Background: To what degree a string of symbols can be compressed reveals important details about its complexity. For instance, strings that are not compressible are random and carry a low information potential while the opposite is true for highly compressible strings. We explore to what extent microbial genomes are amenable to compression as they vary considerably both with respect to size and base composition. For instance, microbial genome sizes vary from less than 100,000 base pairs in symbionts to more than 10 million in soil-dwellers. Genomic base composition, often summarized as genomic AT or GC content due to the similar frequencies of adenine and thymine on one hand and cytosine and guanine on the other, also vary substantially; the most extreme microbes can have genomes with AT content below 25% or above 85% AT. Base composition determines the frequency of DNA words, consisting of multiple nucleotides or oligonucleotides, and may therefore also influence compressibility.
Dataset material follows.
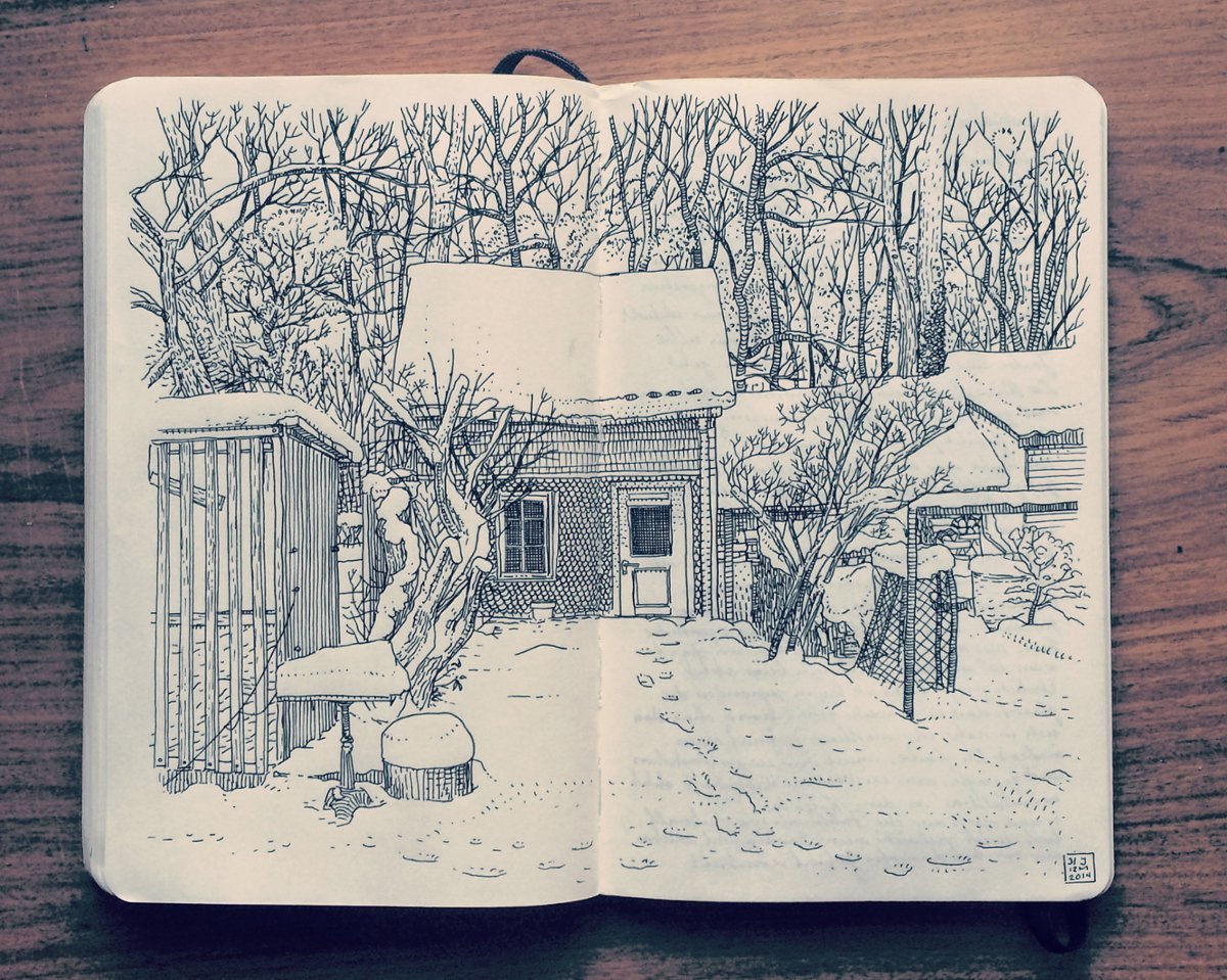 ![Домики тушью]()

Using 4,713 RefSeq genomes, we examined the association between compressibility, using both a DNA based- (MBGC) and a general purpose (ZPAQ) compression algorithm, and genome size, AT content as well as genomic oligonucleotide usage variance (OUV) using generalized additive models.

Results: We find that genome size (p < 0.001) and OUV (p < 0.001) are both strongly associated with genome redundancy for both type of file compressors. The DNA-based MBGC compressor managed to improve compression with approximately 3% on average with respect to ZPAQ. Moreover, MBGC detected a significant (p < 0.001) compression ratio difference between AT poor and AT rich genomes which was not detected with ZPAQ.
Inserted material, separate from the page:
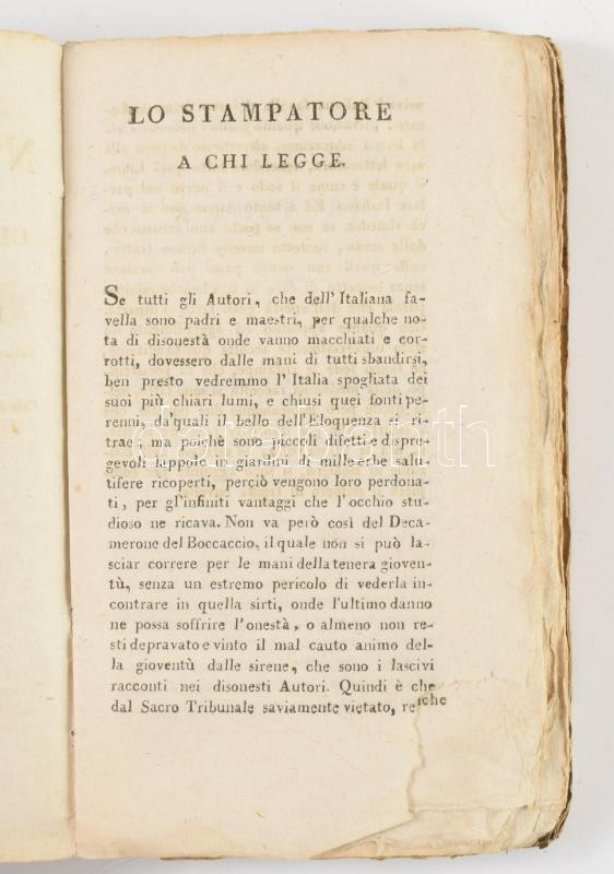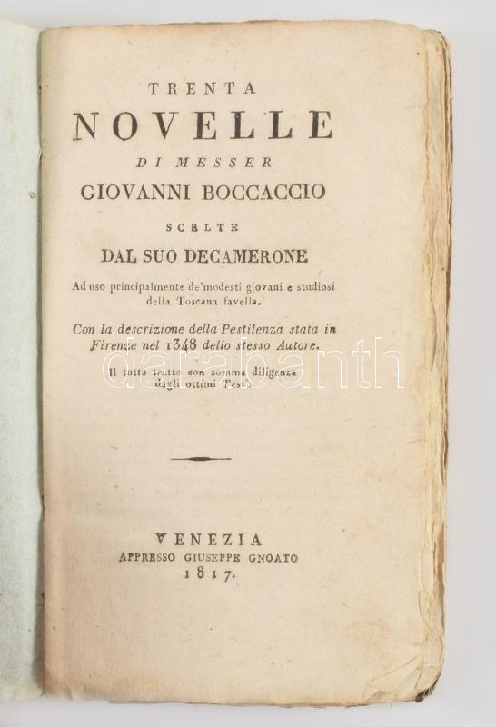 Trenta Novelle di Messer Giovanni Boccaccio scelte dal suo Decamerone (Boccaccio 30 novellája a Dekameronból válogatva ) Venezia, 1817. Giuseppe Gnoato. 240p.Korabeli kartonálásban, beíssáokkal / With contemporary inscribings and in cartboard binding

Conclusion: As lack of compressibility is equivalent to randomness, our findings suggest that smaller and AT rich genomes may have accumulated more random mutations on average than larger and AT poor genomes which, in turn, were significantly more redundant. Moreover, we find that OUV is a strong proxy for genome compressibility in microbial genomes. The ZPAQ compressor was found to agree with the MBGC compressor, albeit with a poorer performance, except for the compressibility of AT-rich and AT-poor/GC-rich genomes.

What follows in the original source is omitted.